[[ Material provided, beginning ]]

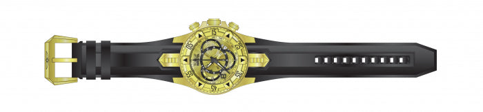Band for Invicta Excursion 24273, Band Material: Silicone, Stainless Steel, Band Color: Black, Gold, Band Size (in mm): 26, Band Length (in mm): 210, Buckle Type: Regular, Clasp Type: Regular. Please note that bands do not ship with spring bars or T bars. If you need these parts, please add them to your cart with the corresponding part sku.
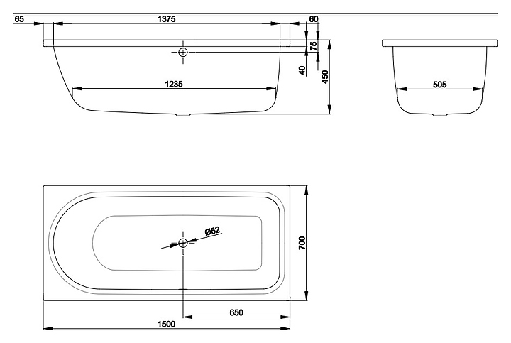 Ванна BETTE Ocean 8859-000 PLUS 150x70 см, сталь
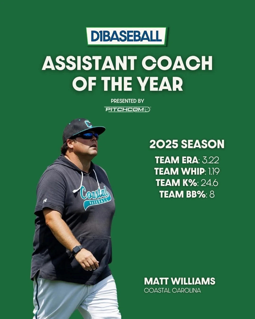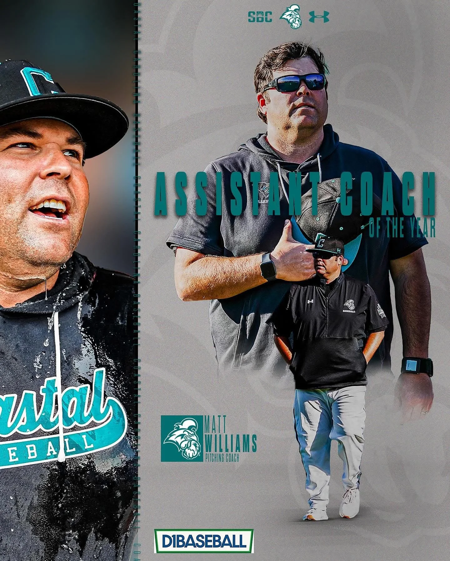 Matt Williams in his first year as the new pitching coach for the Coastal Carolina Chanticleers after spending last season at South Carolina.

[[ Material provided, end ]]

*What to produce:*
Please restate the material above line by line, exactly, beginning at its first line and ending with the line that contains "Ванна BETTE Ocean", without any pictures.

*Reply to the task:*
Band for Invicta Excursion 24273, Band Material: Silicone, Stainless Steel, Band Color: Black, Gold, Band Size (in mm): 26, Band Length (in mm): 210, Buckle Type: Regular, Clasp Type: Regular. Please note that bands do not ship with spring bars or T bars. If you need these parts, please add them to your cart with the corresponding part sku.
 Ванна BETTE Ocean 8859-000 PLUS 150x70 см, сталь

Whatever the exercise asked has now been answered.